LlamaIndex Integration
Pair contextweaver's bounded-choice routing, phase-specific context, and context firewall with LlamaIndex's
ReActAgentso the LLM sees a focused shortlist of tools and a budgeted prompt instead of the entire catalogue and conversation history.
Why
A LlamaIndex ReActAgent doing function-calling over a large catalogue
runs into three concrete problems:
- Tool overload. Every tool's name + description goes into the system prompt. With 50+ tools that's thousands of tokens before the user even speaks.
- Unbounded context. The agent's chat memory grows turn by turn; once a tool returns a multi-KB blob, every subsequent turn pays for it.
- No phase awareness. The same prompt is used for "which tool?", "what arguments?", and "what's the final answer?" — they all need different things.
contextweaver fixes all three without forking LlamaIndex.
Prerequisites
pip install contextweaver llama-index llama-index-llms-openai
export OPENAI_API_KEY=sk-...
Architecture
User query
│
▼
contextweaver Router ← all tools registered in Catalog
│ (top-k shortlist)
▼
LlamaIndex ReActAgent ← receives only the shortlist as tools
│ (function call)
▼
contextweaver Firewall ← intercepts large results
│ (summary + artifact handle)
▼
contextweaver ContextManager ← phase-specific prompt compilation
│ (budgeted ContextPack)
▼
LLM
You hook contextweaver in at two points: before tool selection to narrow the tool list, and after each tool call to firewall the raw result.
Minimal wiring
from llama_index.core.agent import ReActAgent
from llama_index.core.llms import ChatMessage, MessageRole
from llama_index.core.tools import FunctionTool
from llama_index.llms.openai import OpenAI
from contextweaver.context.manager import ContextManager
from contextweaver.routing.catalog import Catalog
from contextweaver.routing.router import Router
from contextweaver.routing.tree import TreeBuilder
from contextweaver.types import ContextItem, ItemKind, Phase, SelectableItem
def db_query(sql: str) -> str:
"""Execute a read-only SQL query and return JSON rows."""

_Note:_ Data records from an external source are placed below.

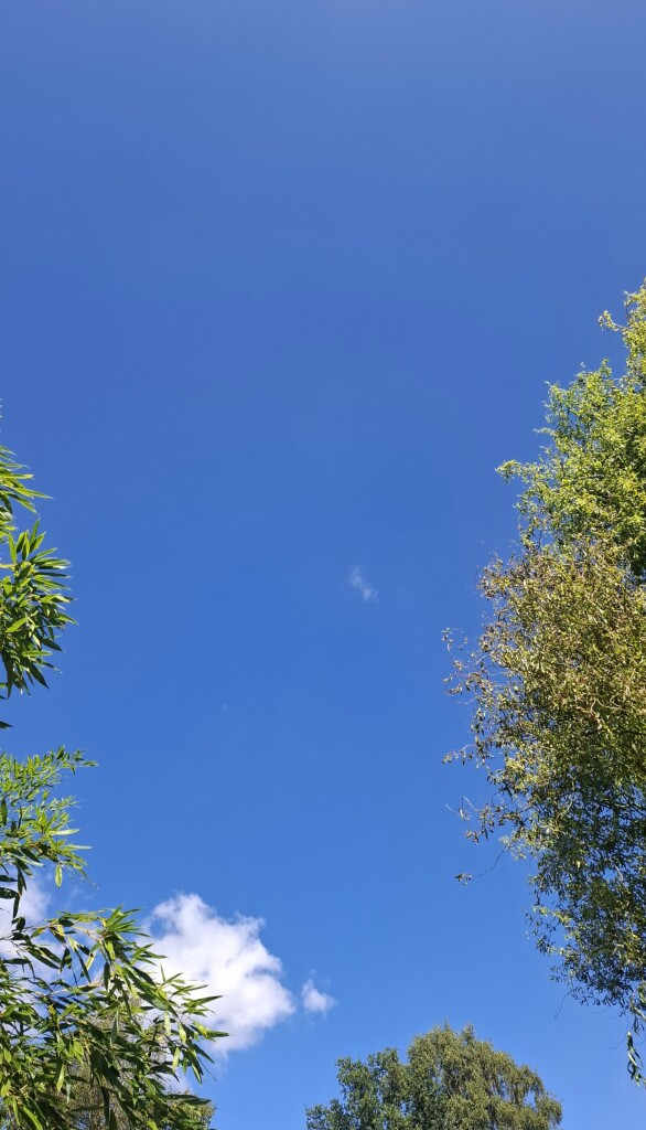 Zelden zo'n knalblauwe lucht gezien. Donkerder dan normaal. Ik krijg het niet goed op de foto helaas.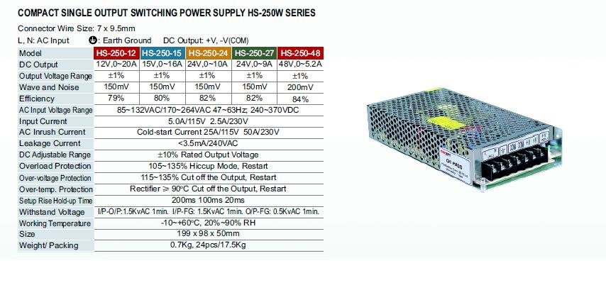 Carspa HS-250-24 průmyslový zdroj spínaný 24V 250W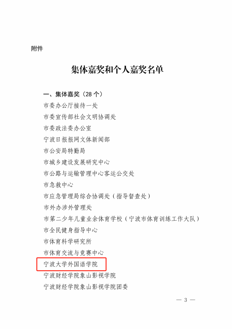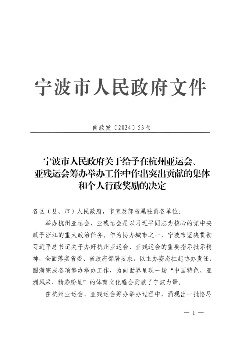 6月29日,宁波市人民政府发布《关于给予在杭州亚运会、亚残运会筹办举办工作中作出突出贡献的集体和个人行政奖励的决定》,对在杭州亚运会、亚残运会筹办举办过程中涌现出的恪尽职守、无私奉献的28个集体和84名个人给予嘉奖。伊人直播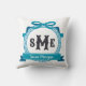Deep Aqua Blue Greek Key Bow Monogram Throw Pillow

return '{"rows": [...]}' # imagine a 5 KB response
def send_email(to: str, body: str) -> str:
"""Send an email to *to* with *body*."""
return "ok"
# 1. Register every tool in contextweaver's Catalog as a SelectableItem.
catalog = Catalog()
for fn in (db_query, send_email):
catalog.register(SelectableItem(
id=fn.__name__,
kind="tool",
name=fn.__name__,
description=(fn.__doc__ or "").strip().splitlines()[0],
namespace=fn.__name__.split("_", 1)[0],
))
graph = TreeBuilder(max_children=8).build(catalog.all())
router = Router(graph, items=catalog.all(), top_k=3)
# 2. One ContextManager per session.
ctx_mgr = ContextManager()
# 3. Per-turn loop.
def respond(user_query: str, turn: int) -> str:
# Ingest the user turn.
ctx_mgr.ingest_sync(ContextItem(
id=f"u{turn}", kind=ItemKind.user_turn, text=user_query,
))
# Route to top-k tools (LlamaIndex never sees the full catalogue).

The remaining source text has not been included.